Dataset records
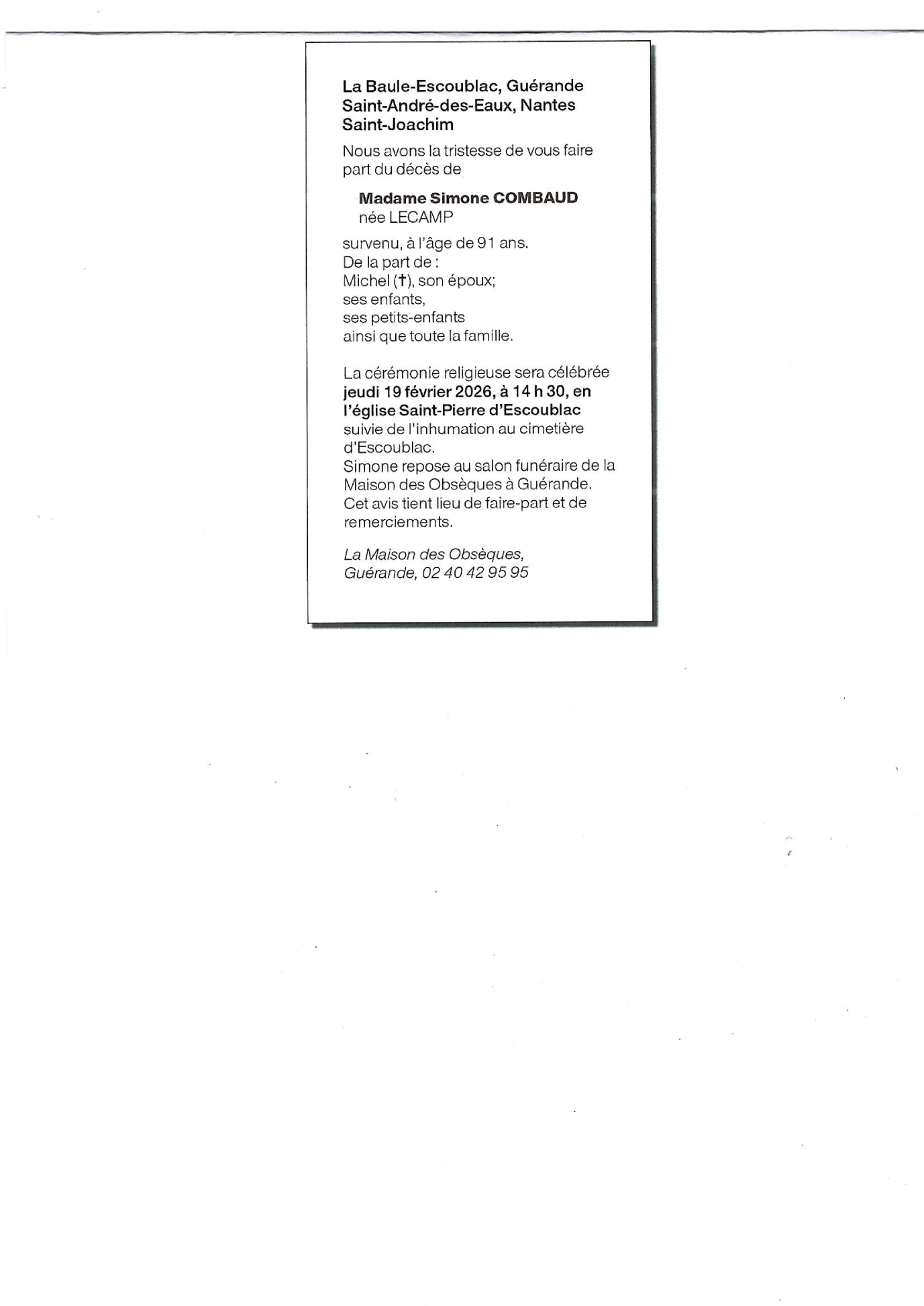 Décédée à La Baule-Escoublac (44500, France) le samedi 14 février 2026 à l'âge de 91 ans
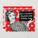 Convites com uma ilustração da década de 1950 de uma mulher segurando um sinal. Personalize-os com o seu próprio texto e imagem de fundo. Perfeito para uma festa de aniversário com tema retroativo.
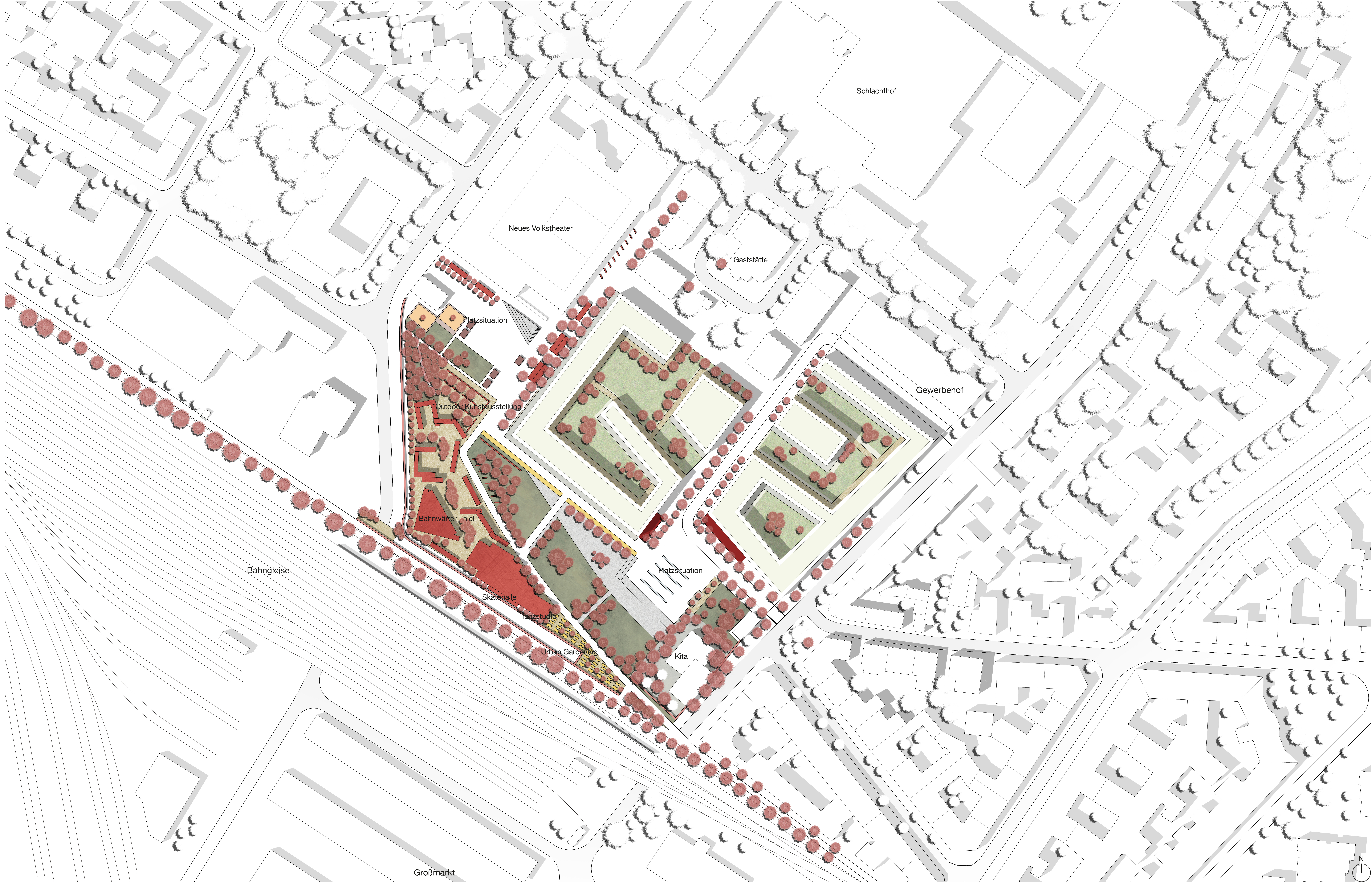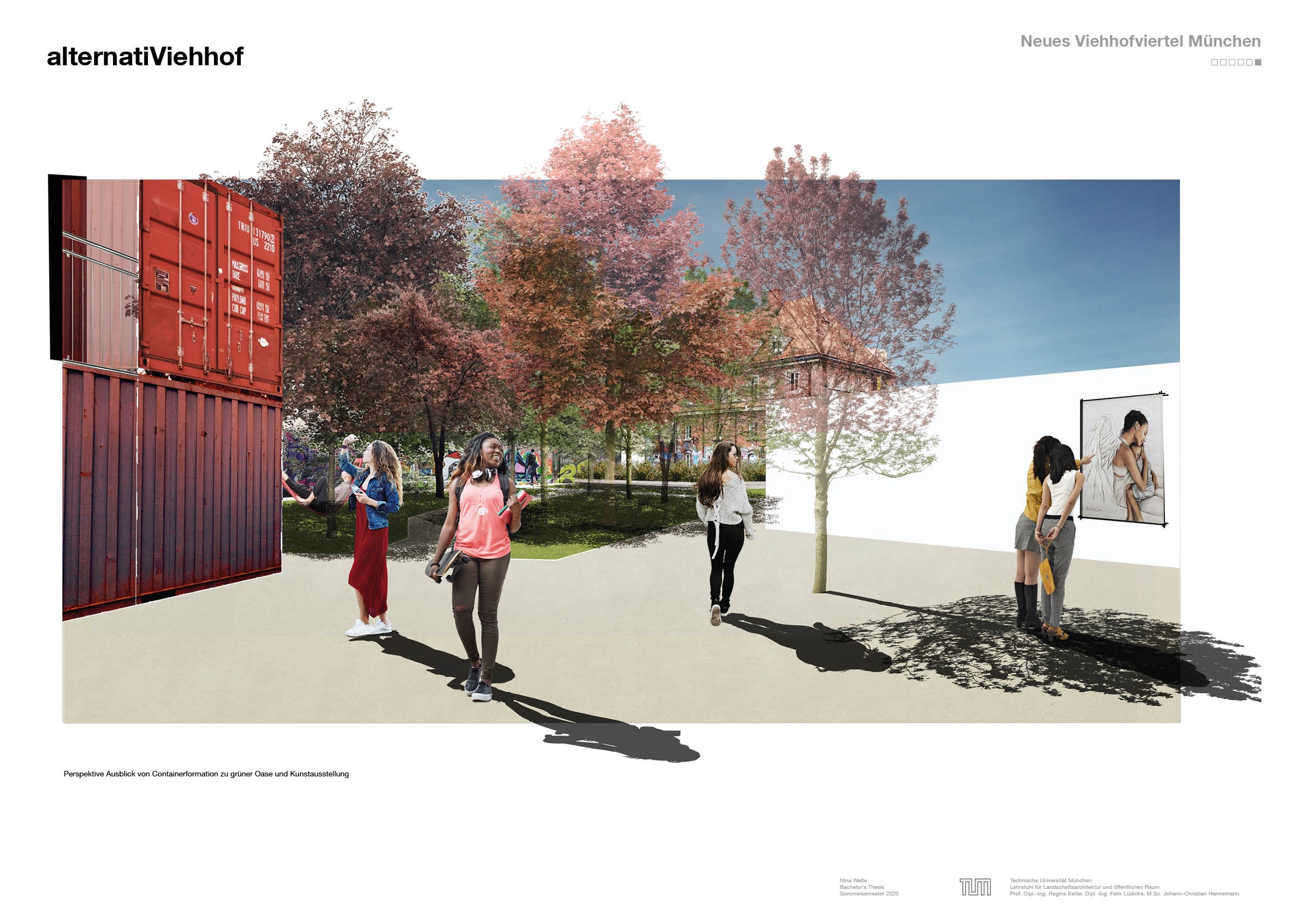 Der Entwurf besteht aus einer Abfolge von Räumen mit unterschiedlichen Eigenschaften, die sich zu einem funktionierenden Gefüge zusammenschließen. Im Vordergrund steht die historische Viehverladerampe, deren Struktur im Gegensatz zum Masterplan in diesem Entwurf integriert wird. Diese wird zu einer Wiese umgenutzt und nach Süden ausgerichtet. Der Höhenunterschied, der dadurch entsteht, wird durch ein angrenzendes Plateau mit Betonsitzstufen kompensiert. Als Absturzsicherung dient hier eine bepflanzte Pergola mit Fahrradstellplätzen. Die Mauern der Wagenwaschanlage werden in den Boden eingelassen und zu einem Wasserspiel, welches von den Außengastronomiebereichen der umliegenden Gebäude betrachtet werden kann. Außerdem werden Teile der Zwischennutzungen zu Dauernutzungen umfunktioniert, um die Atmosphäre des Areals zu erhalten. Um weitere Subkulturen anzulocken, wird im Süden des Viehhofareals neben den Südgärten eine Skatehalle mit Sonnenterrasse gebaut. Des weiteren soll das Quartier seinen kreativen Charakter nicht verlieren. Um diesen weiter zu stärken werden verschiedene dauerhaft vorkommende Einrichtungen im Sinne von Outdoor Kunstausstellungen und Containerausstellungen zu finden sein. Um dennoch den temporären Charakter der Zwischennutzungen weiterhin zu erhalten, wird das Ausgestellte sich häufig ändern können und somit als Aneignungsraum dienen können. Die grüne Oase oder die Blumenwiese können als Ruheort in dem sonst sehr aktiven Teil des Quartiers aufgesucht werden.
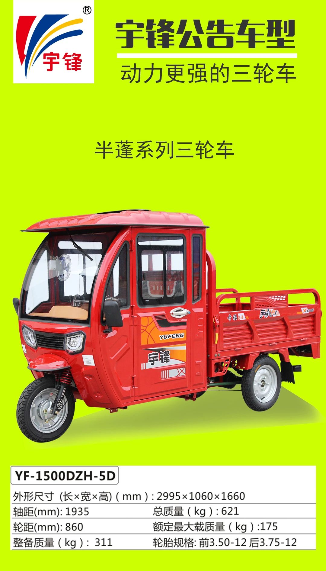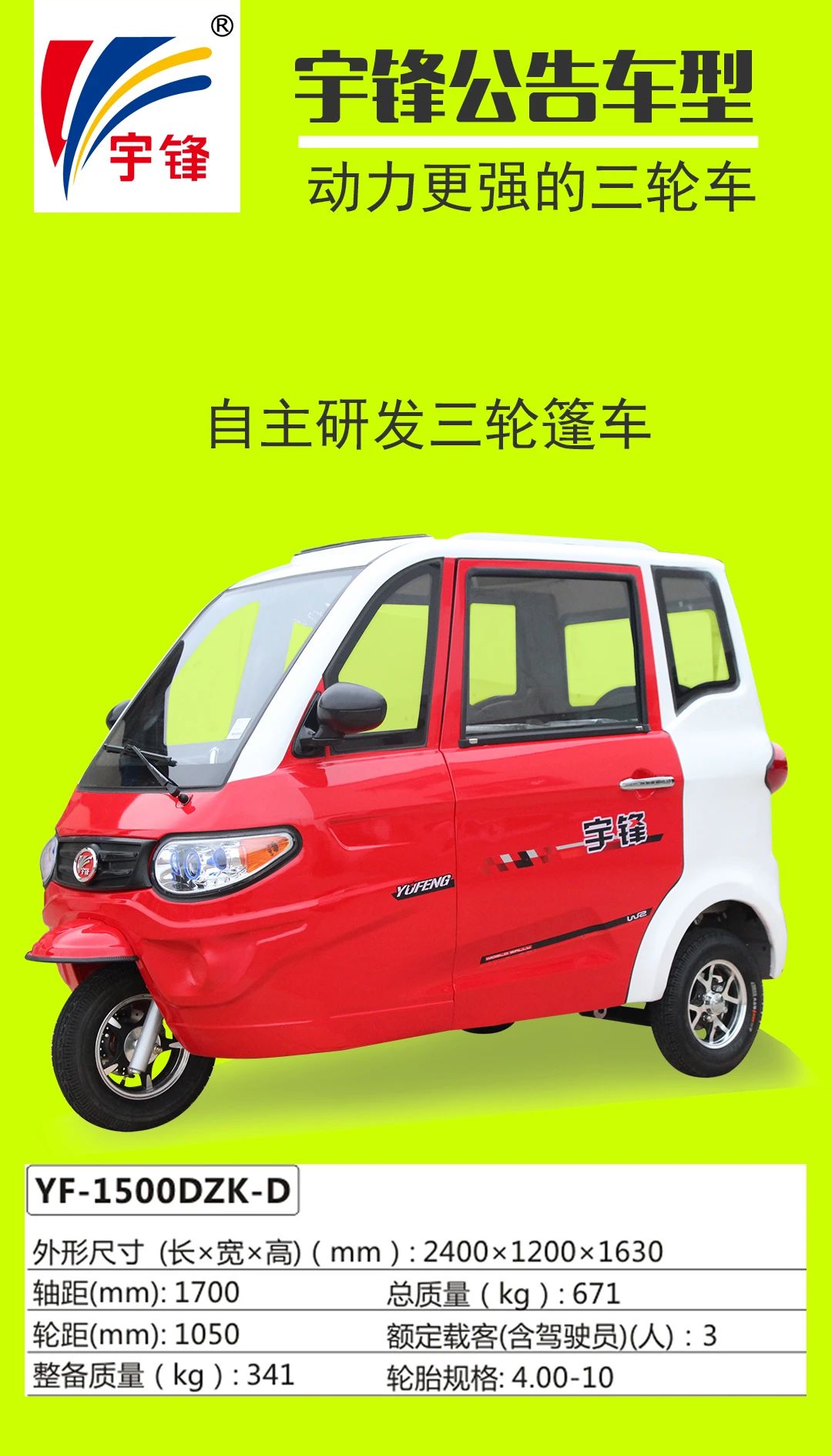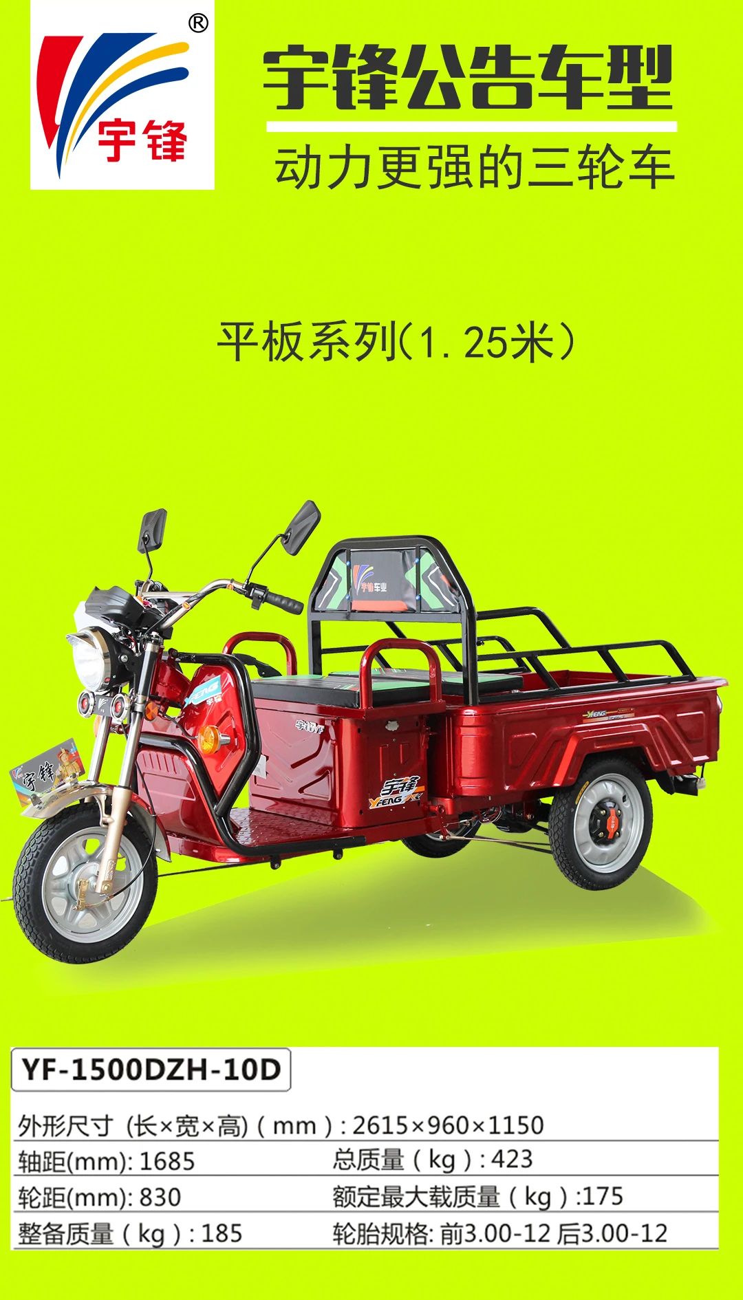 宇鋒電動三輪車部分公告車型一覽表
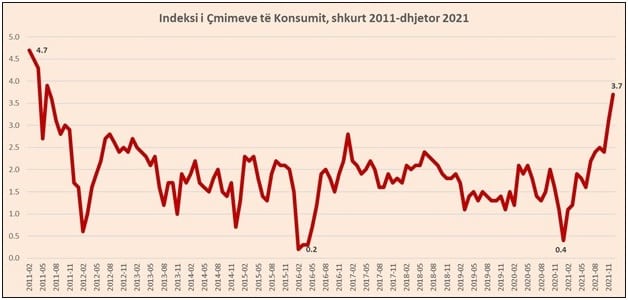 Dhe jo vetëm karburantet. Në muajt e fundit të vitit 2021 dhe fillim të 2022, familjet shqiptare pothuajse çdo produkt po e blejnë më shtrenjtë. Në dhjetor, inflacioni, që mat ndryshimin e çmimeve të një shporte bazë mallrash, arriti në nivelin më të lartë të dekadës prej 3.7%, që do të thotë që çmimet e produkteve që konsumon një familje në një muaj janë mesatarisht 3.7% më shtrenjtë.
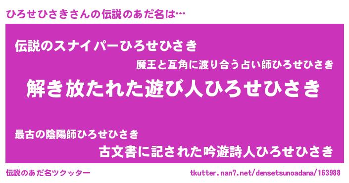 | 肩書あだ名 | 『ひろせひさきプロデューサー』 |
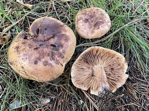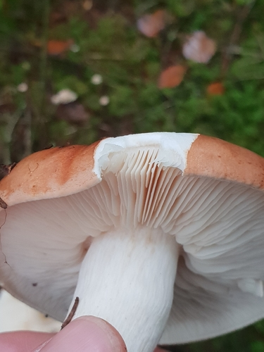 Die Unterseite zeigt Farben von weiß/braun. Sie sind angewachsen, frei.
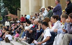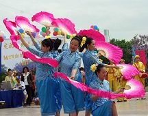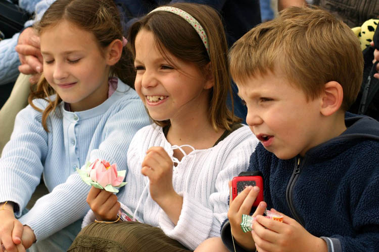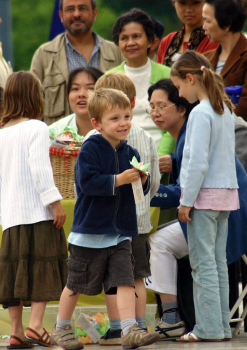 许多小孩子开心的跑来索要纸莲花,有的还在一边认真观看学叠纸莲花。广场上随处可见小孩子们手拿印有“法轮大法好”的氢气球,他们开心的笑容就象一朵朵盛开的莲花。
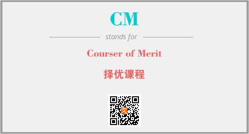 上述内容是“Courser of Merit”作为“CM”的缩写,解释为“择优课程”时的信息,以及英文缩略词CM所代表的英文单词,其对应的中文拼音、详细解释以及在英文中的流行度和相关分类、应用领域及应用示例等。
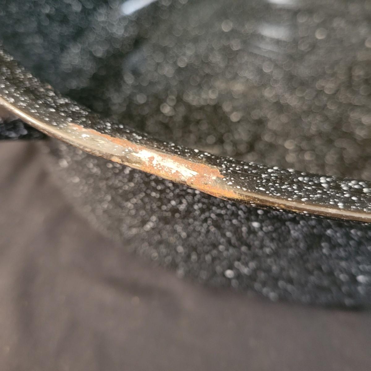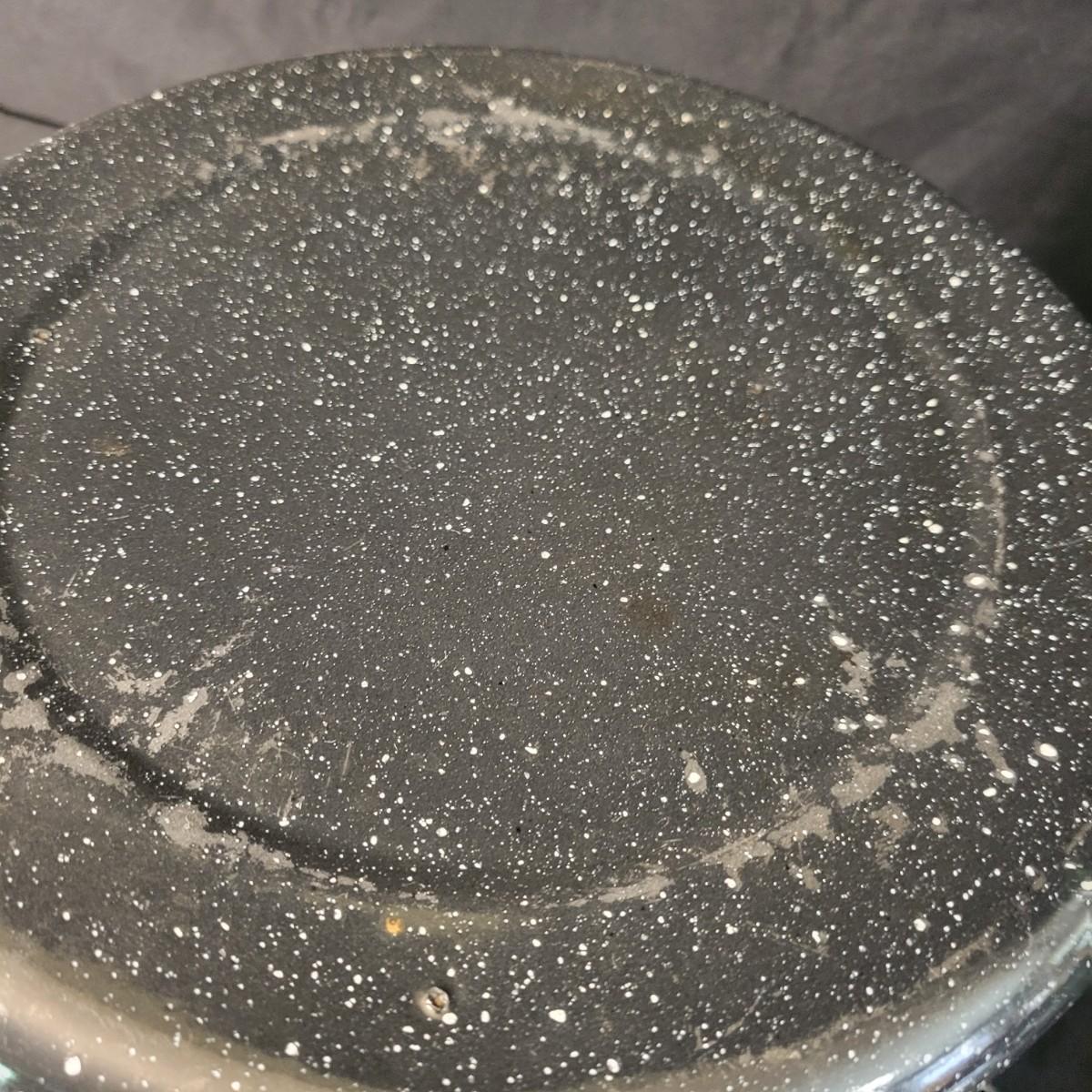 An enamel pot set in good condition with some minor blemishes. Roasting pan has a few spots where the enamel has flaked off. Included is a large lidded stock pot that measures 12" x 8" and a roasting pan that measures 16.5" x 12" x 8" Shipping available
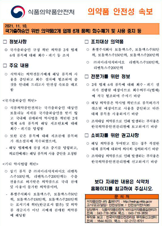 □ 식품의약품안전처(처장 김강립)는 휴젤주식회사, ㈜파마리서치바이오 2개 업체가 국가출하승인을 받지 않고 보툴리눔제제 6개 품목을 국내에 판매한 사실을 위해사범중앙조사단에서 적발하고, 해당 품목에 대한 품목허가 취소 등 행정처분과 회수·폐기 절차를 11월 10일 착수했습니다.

=== PROBLEM ===
The response has to be an exact copy of all the data, pictures excluded.

=== RESULT BELOW ===
 Décédée à La Baule-Escoublac (44500, France) le samedi 14 février 2026 à l'âge de 91 ans
 Convites com uma ilustração da década de 1950 de uma mulher segurando um sinal. Personalize-os com o seu próprio texto e imagem de fundo. Perfeito para uma festa de aniversário com tema retroativo.
 Der Entwurf besteht aus einer Abfolge von Räumen mit unterschiedlichen Eigenschaften, die sich zu einem funktionierenden Gefüge zusammenschließen. Im Vordergrund steht die historische Viehverladerampe, deren Struktur im Gegensatz zum Masterplan in diesem Entwurf integriert wird. Diese wird zu einer Wiese umgenutzt und nach Süden ausgerichtet. Der Höhenunterschied, der dadurch entsteht, wird durch ein angrenzendes Plateau mit Betonsitzstufen kompensiert. Als Absturzsicherung dient hier eine bepflanzte Pergola mit Fahrradstellplätzen. Die Mauern der Wagenwaschanlage werden in den Boden eingelassen und zu einem Wasserspiel, welches von den Außengastronomiebereichen der umliegenden Gebäude betrachtet werden kann. Außerdem werden Teile der Zwischennutzungen zu Dauernutzungen umfunktioniert, um die Atmosphäre des Areals zu erhalten. Um weitere Subkulturen anzulocken, wird im Süden des Viehhofareals neben den Südgärten eine Skatehalle mit Sonnenterrasse gebaut. Des weiteren soll das Quartier seinen kreativen Charakter nicht verlieren. Um diesen weiter zu stärken werden verschiedene dauerhaft vorkommende Einrichtungen im Sinne von Outdoor Kunstausstellungen und Containerausstellungen zu finden sein. Um dennoch den temporären Charakter der Zwischennutzungen weiterhin zu erhalten, wird das Ausgestellte sich häufig ändern können und somit als Aneignungsraum dienen können. Die grüne Oase oder die Blumenwiese können als Ruheort in dem sonst sehr aktiven Teil des Quartiers aufgesucht werden.
 宇鋒電動三輪車部分公告車型一覽表
 Dhe jo vetëm karburantet. Në muajt e fundit të vitit 2021 dhe fillim të 2022, familjet shqiptare pothuajse çdo produkt po e blejnë më shtrenjtë. Në dhjetor, inflacioni, që mat ndryshimin e çmimeve të një shporte bazë mallrash, arriti në nivelin më të lartë të dekadës prej 3.7%, që do të thotë që çmimet e produkteve që konsumon një familje në një muaj janë mesatarisht 3.7% më shtrenjtë.
 | 肩書あだ名 | 『ひろせひさきプロデューサー』 |
 Die Unterseite zeigt Farben von weiß/braun. Sie sind angewachsen, frei.
 许多小孩子开心的跑来索要纸莲花,有的还在一边认真观看学叠纸莲花。广场上随处可见小孩子们手拿印有“法轮大法好”的氢气球,他们开心的笑容就象一朵朵盛开的莲花。
 上述内容是“Courser of Merit”作为“CM”的缩写,解释为“择优课程”时的信息,以及英文缩略词CM所代表的英文单词,其对应的中文拼音、详细解释以及在英文中的流行度和相关分类、应用领域及应用示例等。
 An enamel pot set in good condition with some minor blemishes. Roasting pan has a few spots where the enamel has flaked off. Included is a large lidded stock pot that measures 12" x 8" and a roasting pan that measures 16.5" x 12" x 8" Shipping available
 □ 식품의약품안전처(처장 김강립)는 휴젤주식회사, ㈜파마리서치바이오 2개 업체가 국가출하승인을 받지 않고 보툴리눔제제 6개 품목을 국내에 판매한 사실을 위해사범중앙조사단에서 적발하고, 해당 품목에 대한 품목허가 취소 등 행정처분과 회수·폐기 절차를 11월 10일 착수했습니다.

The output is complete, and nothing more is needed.